In 2009, I wrote in these pages about my efforts to add an electric motor to a bicycle—a project that involved a considerable outlay of money and many hours in a machine shop behind a lathe. At the time, e-bikes were still rather exotic, at least in the United States, so it seemed worth the expense and effort to build my own.
Fast forward a dozen years. E-bike availability and ridership have exploded. Purpose-built electric bikes and e-bike conversions using hub-motors are now commonplace. One thing that hasn't really changed, though, is the expense. If anything, it's gone up. Consider the two e-bikes described in this month's Gizmo column, which each cost thousands of dollars.
That got me thinking, how hard would it be, and how much would it cost, to do a simple conversion now? Thanks to a few recent technical and commercial developments, I was able to come up with an e-bike conversion that cost me less than US $200 and yet functions impressively.
The approach I adopted is mechanically as simple as you can get. It uses an "outrunner" motor designed for electric skateboards. With such outrunners, the case of the motor rotates. Driving the bike with it merely requires mounting it to the frame in such a way that the case is in contact with the rear wheel.
I'd read about such friction-drive arrangements and had followed the work of a cyclist in Australia known as Kepler who had devised a clever articulated mount that allows the motor to retract from the wheel when not applying power. He'd been selling kits for his mount in small numbers. But Kepler's newest approach keeps the motor in constant contact with the wheel, which allows for regenerative braking. I thought: "What could be easier?"
So I bought an outrunner motor designed for electric skateboards for $88 and fashioned a mount for it out of a few pieces of scrap aluminum. The motor attaches to my bike under the chainstays, directly behind the bottom bracket. In that position, it's hardly visible. While it would have been nice to engineer some sort of spring-driven mechanism to control how forcefully the motor pushes against the tire, I kept things simple: I just deflated the tire somewhat, bolted the motor solidly in place, and reinflated the tire.
Most components are inexpensive and readily available. The only part I needed to fabricate was an aluminum mounting bracket for the motor [shown in outline]. James Provost
I next needed to decide on an electronic speed controller (ESC) to power the motor. For that I took advantage of the open-source VESC Project created by Benjamin Vedder. His work includes sophisticated hardware and associated firmware, as well as elaborateconfiguration software. Being an open-source design no doubt keeps the price of this hardware down: The controller I bought set me back a mere $85.
The third essential element of any e-bike is, of course, the battery. Here I took advantage of already owning an electric lawnmower, figuring that the 40-volt, 4-ampere-hour battery I had for it would serve well. All that was needed was a suitable adapter, which I bought for $18 from Terrafirma Technology, a company started by an engineer named Michael House who has gone into business supplying 3D-printed adapters to people who want to repurpose lithium-ion power-tool batteries.
On the handlebars are three controls: a momentary rocker switch operated by my right thumb and two Hall-effect sensors, which are switched when I squeeze the brake levers, to which I glued small neodymium magnets.

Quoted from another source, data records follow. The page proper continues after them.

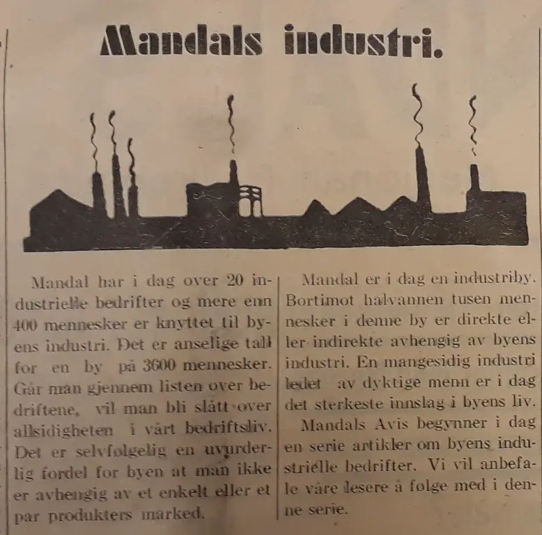Mandal var på denne tida utvilsomt en industriby! Mandals avis 23. februar 1935.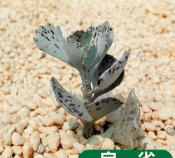 多年生多肉植物,对叶,扇形的银灰色的叶片上有褐色斑纹,类似麻雀的斑纹,叶缘有不规则的波状齿,长约10厘米,蓝灰至灰绿色,被有一层薄薄的白粉,常作观叶植物栽培。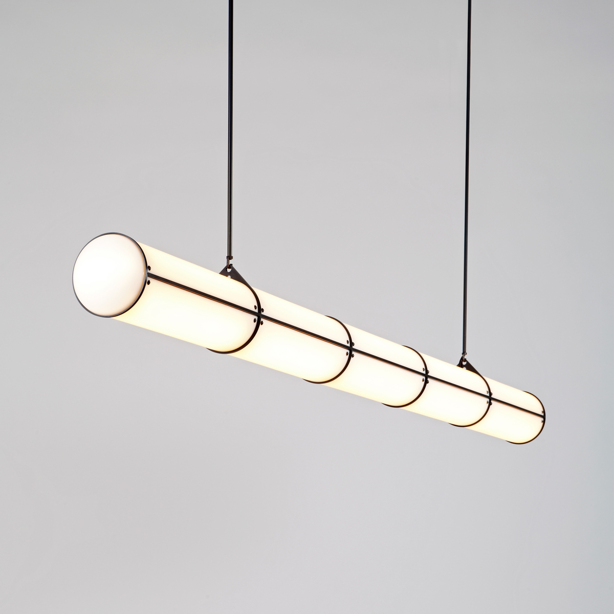 Like Endless, Jason Miller's Mini collection was originally conceived to be a light fixture as architectural element. However, the scale and construction of Mini is inspired by wooden ship's masts. Before advanced materials and industrial production, wooden sailing ships were the engineering marvels of their time. By necessity, the construction was as inventive as it was beautiful.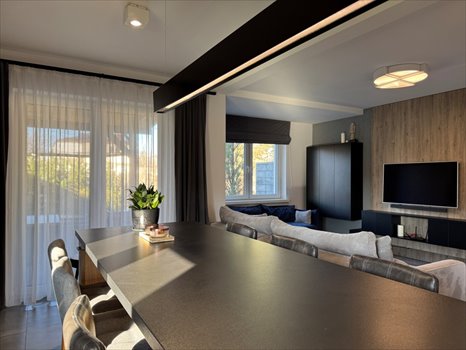 Z zewnątrz bryła domu prezentuje się czysto i spokojnie ale po przekroczeniu progu wita Cię niepowtarzalny styl oraz otwarta, płynna przestrzeń dzienna. Salon i kuchnia to jedno serce domu: salon z dwiema wygodnymi sofami i stolikiem kawowym oraz ściana medialna, kuchnia i jej długa wyspa pełniąca rolę stołu, idealnego na przyjęcia w gronie przyjaciół, matowe czarne fronty dodające charakteru, ciepłe światło stwarza przytulny klimat i widok na taras, gdzie letnie wieczory w otoczeniu ogrodu spędzisz w atmosferze relaksu.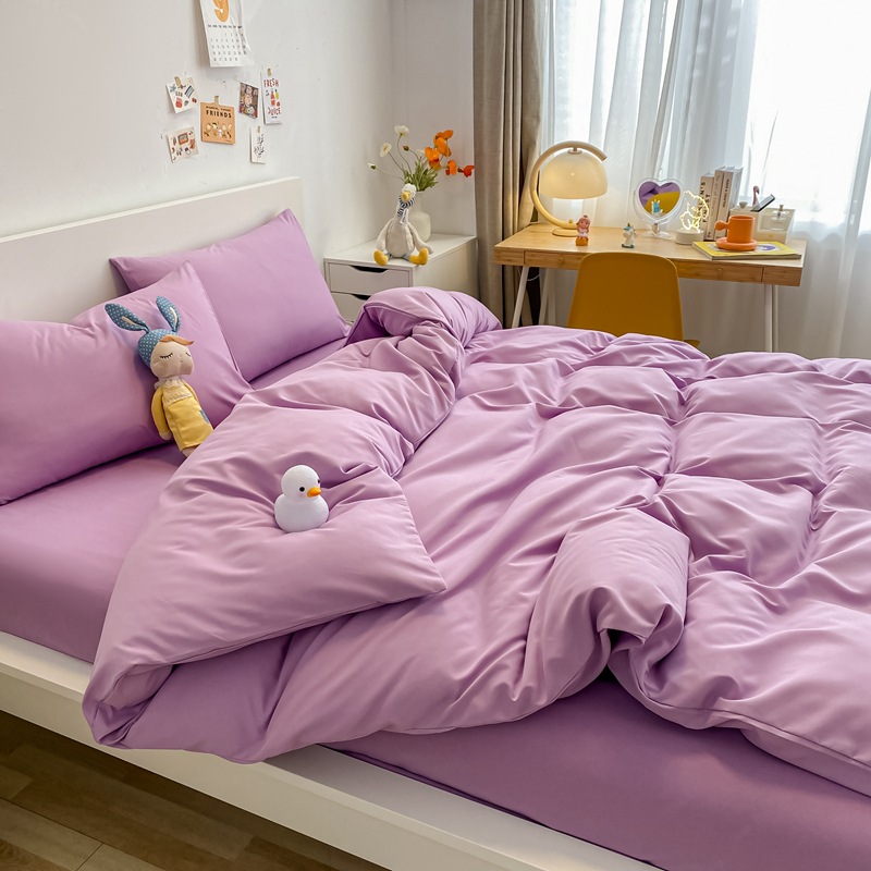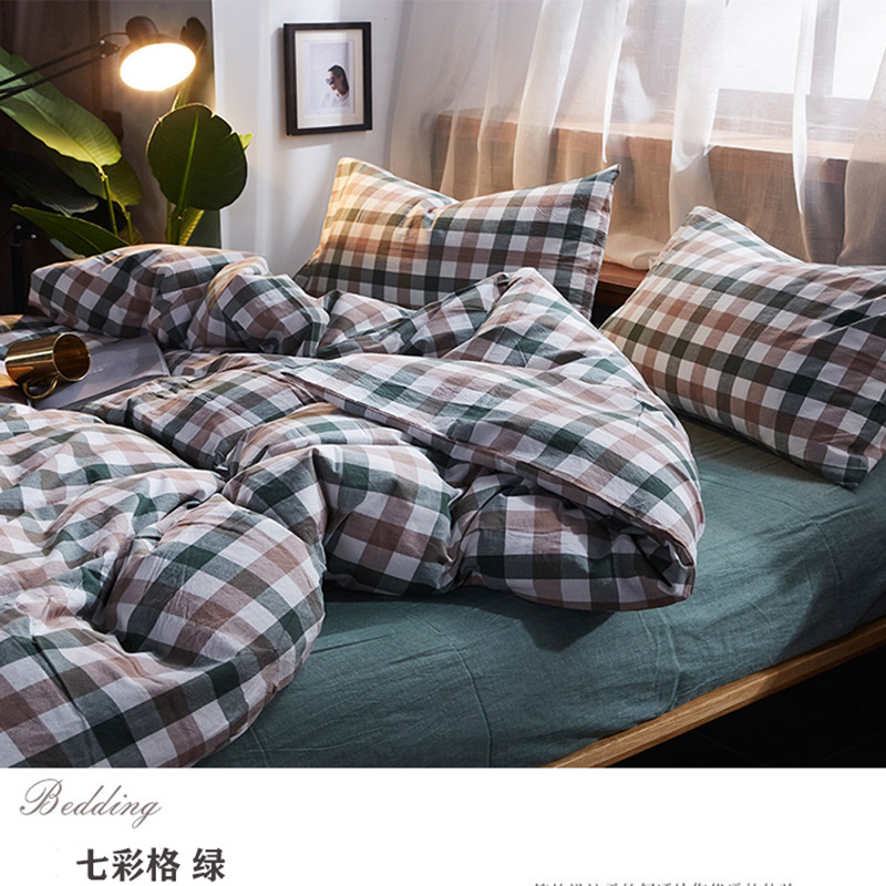Small-amount customized wholesale of all-cotton and pure cotton quilt covers and duvet covers, single pieces of checkered and striped solid color woven washed cotton, simple and elegant

These switches are wired to an Arduino Nano, which sends the appropriate signal to the speed controller.
The lack of noise, combined with the discreet positioning of the motor and other components, makes it hard for anyone to notice that I'm on an e-bike.
The most challenging part of this project was figuring out how to configure the ESC. Vedder's software contains "wizards" to help, but it's still complicated. Using it forced me to consider the difference between motor amps and battery amps and the virtues and drawbacks of controlling a motor by setting a target motor current or by changing the applied duty cycle.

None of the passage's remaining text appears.